RAW DATA:
────────────────────

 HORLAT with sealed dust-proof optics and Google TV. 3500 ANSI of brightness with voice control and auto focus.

────────────────────

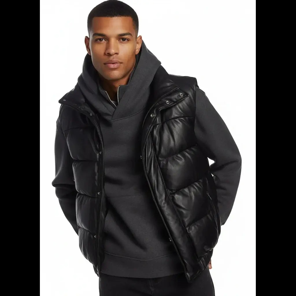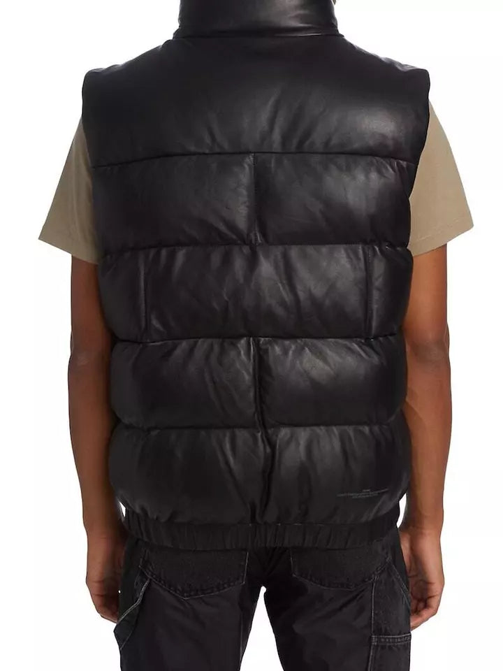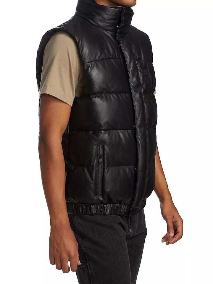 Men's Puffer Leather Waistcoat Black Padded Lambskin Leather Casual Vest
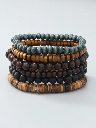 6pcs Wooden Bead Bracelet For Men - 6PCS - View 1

────────────────────

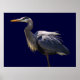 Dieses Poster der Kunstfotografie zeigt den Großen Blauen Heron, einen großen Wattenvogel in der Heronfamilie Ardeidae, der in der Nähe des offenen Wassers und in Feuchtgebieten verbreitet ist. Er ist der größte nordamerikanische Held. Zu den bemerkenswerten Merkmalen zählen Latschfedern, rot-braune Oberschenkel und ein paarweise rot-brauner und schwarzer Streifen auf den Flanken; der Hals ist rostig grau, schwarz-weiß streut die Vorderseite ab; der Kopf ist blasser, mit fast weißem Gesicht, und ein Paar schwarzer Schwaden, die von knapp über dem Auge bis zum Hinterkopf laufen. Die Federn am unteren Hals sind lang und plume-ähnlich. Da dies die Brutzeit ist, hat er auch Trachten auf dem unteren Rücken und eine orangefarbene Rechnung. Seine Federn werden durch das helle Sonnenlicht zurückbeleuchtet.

────────────────────

YOUR GOAL:
Among the records above, locate the line containing "Men's Puffer Leather" and the line containing "6pcs Wooden Bead", then transcribe exactly the lines starting at the first and ending at the second, with no pictures.

SOLVED EXERCISE:
 Men's Puffer Leather Waistcoat Black Padded Lambskin Leather Casual Vest
 6pcs Wooden Bead Bracelet For Men - 6PCS - View 1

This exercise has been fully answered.